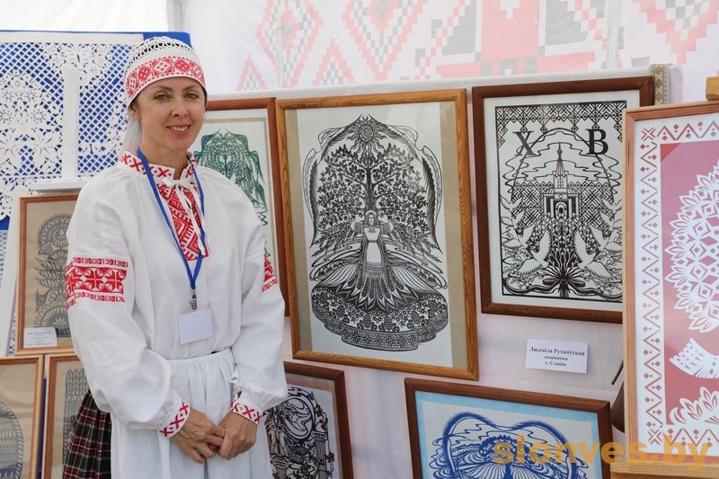 Людмила Рутковская представляет на Дне белорусской письменности произведения, причисленные к нематериальному культурному наследию. Людмила выполняет свои работы в традиционном белорусском искусстве вытинанки.
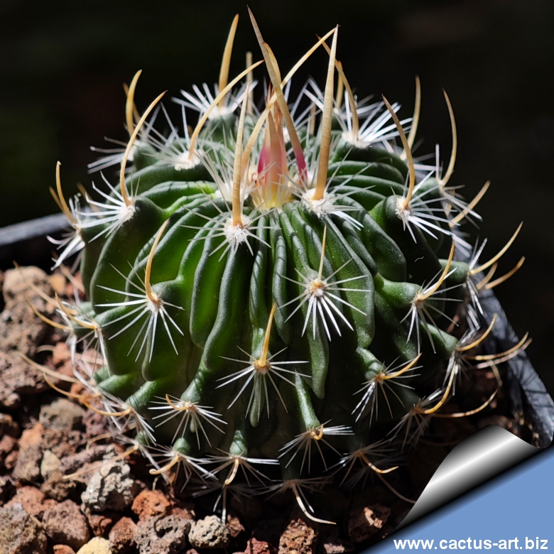 Compact globular cacti featuring slender, wavy ribs, elegant papery central spines, and strikingly striped blooms.
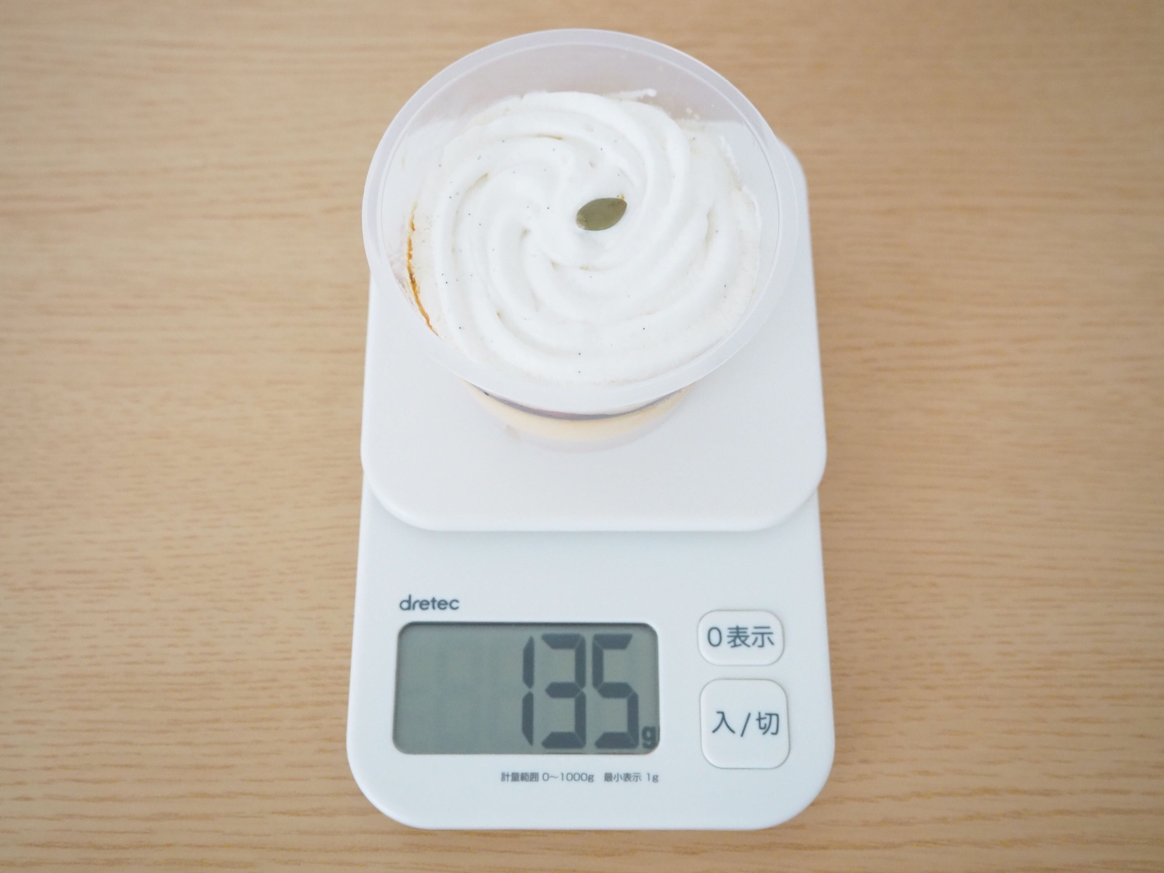 重さを量ったところ135gでしたが、容器の重さが13gなので、実際には122gです。

▸ Required action
Please reproduce each line of the listing above exactly, skipping pictures.

▸ Answer to this exercise
 Людмила Рутковская представляет на Дне белорусской письменности произведения, причисленные к нематериальному культурному наследию. Людмила выполняет свои работы в традиционном белорусском искусстве вытинанки.
 Compact globular cacti featuring slender, wavy ribs, elegant papery central spines, and strikingly striped blooms.
 重さを量ったところ135gでしたが、容器の重さが13gなので、実際には122gです。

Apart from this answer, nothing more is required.